How are templated C++ functions in headers sent to the linker?

Question

Suppose we have this header, with a function:

//template<int does_nothing=0> // <-- !! links correctly if uncommented
void incAndShow() {
  static int myStaticVar = 0;
  std::cout << ++myStaticVar << " " << std::endl;
}

If this is included in several .cpp files, you'll get a linker error due to the redefinition of incAndShow().

Now, if you uncomment the //template<int does_nothing=0> line above, this code will compile correctly with no linker error. And, the static variable will be shared correctly in all instances of incAndShow<0>().
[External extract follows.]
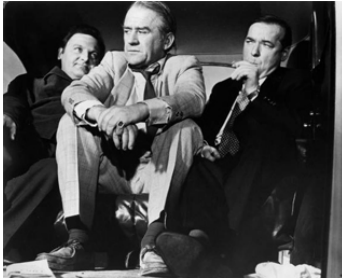
1966 PASSEPORT POUR L'OUBLI (Where the Spies are) de Val Guest avec George Pravda

This is because the C++ standard explicitly states that this should be allowed in its "One Definition Rule" (Page 43). The abbreviated text is:

There can be more than one definition of a... non-static function template (17.5.6)... provided that each definition appears in a different translation unit...
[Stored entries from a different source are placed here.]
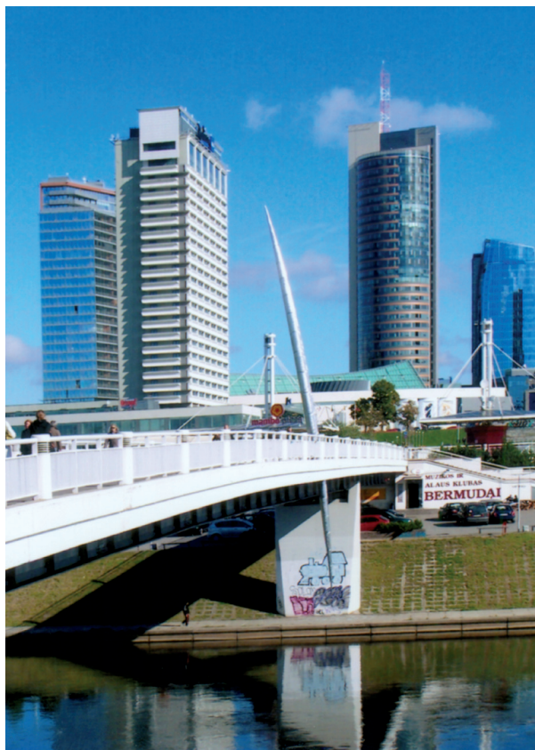
13 pav. Skulptūra „Spindulys-ietis“ ant Baltojo tilto. K. Vildžiūnas. Vilnius, 2010 m.
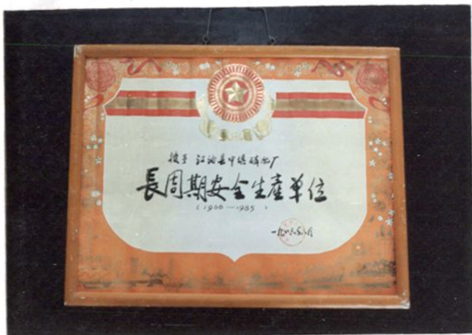
四川省化工局授予的“长周期安全生产单位”称号
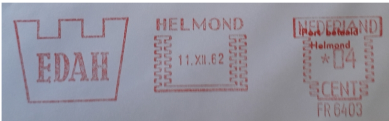
Afb. 4: roodfrankering door EDAH in december 1962 1)
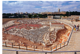
דגם ירושלים בשלהי בית שני, במבט מדרום
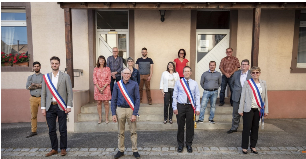
Le nouveau Conseil Municipal, après le vote

Now, note that the above is only true for templated functions, and not for non-templated functions. This is because, at least in the traditional paradigm, non-templated functions are compiled individually within each translation unit, and then the linker, envisioned as a totally separate process from the compiler, sees multiple definitions of the same symbol in different .obj files and throws the error.

But somehow, this doesn't happen for templated functions.
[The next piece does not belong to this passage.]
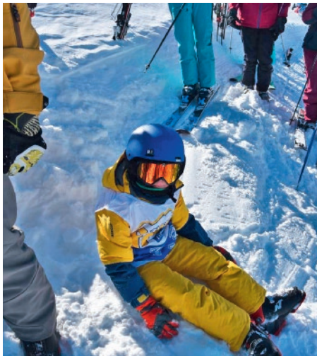
Konzentration vor dem Start...

So my question is: how, in a low-level sense, does this work?

Does the compiler just compile each translation unit independently, meaning it generates multiple versions of the same symbol within each translation unit, but then have some special way to tell the linker to not worry about it?
Does the compiler, on-the-fly, keep a note of the first time some templated function definition is seen in some translation unit, and automatically ignore upon seeing the same definition again when compiling the next translation unit?
Does the compiler do some kind of "pre-compilation process," before compiling anything, where it goes through each file and removes duplicate templated code?
Something else?

This has been brought up on StackOverflow a few times, but this is the first time I've seen anyone ask how the compilation process really happens on a low-level:

Static variable inside template function (where my example came from)
Why C++'s <vector> templated class doesn't break one definition rule?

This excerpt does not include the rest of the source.